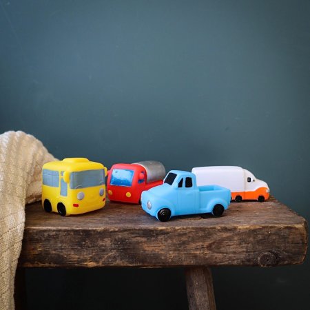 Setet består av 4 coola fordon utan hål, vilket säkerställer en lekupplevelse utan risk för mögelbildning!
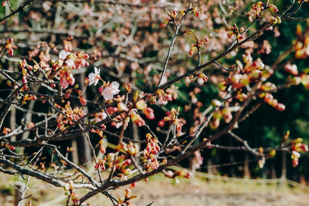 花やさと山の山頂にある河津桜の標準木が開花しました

○ ○ ○ ○ ○ ○ ○

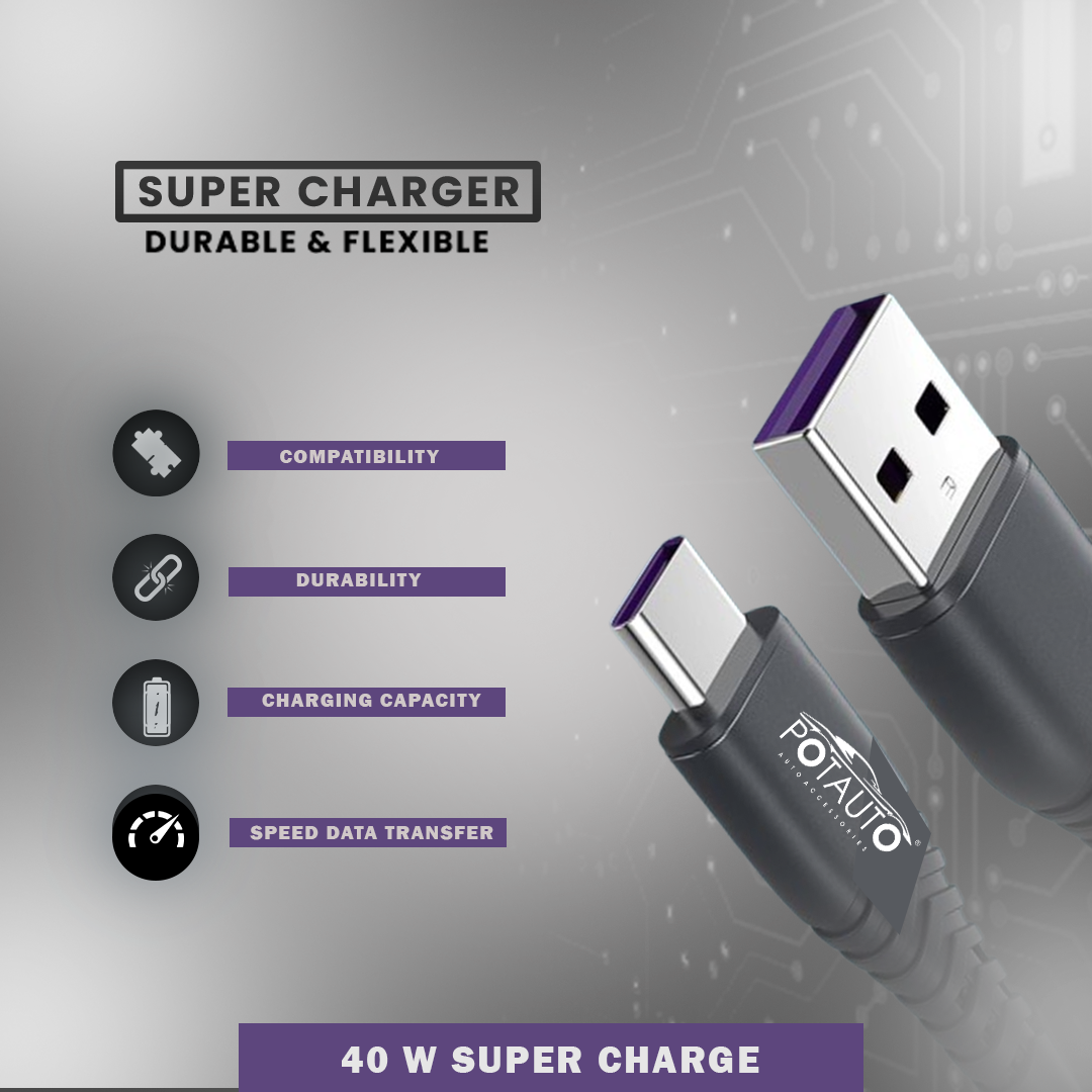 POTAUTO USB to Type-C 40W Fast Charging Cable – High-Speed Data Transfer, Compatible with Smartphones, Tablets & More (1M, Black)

○ ○ ○ ○ ○ ○ ○

Nothing but the lines above from the line with "Setet består av" up to and including the line with "花やさと山の山頂にある河津桜の標準木が開花しました" should be returned, exactly as written and without pictures.

# YOUR RESPONSE:
 Setet består av 4 coola fordon utan hål, vilket säkerställer en lekupplevelse utan risk för mögelbildning!
 花やさと山の山頂にある河津桜の標準木が開花しました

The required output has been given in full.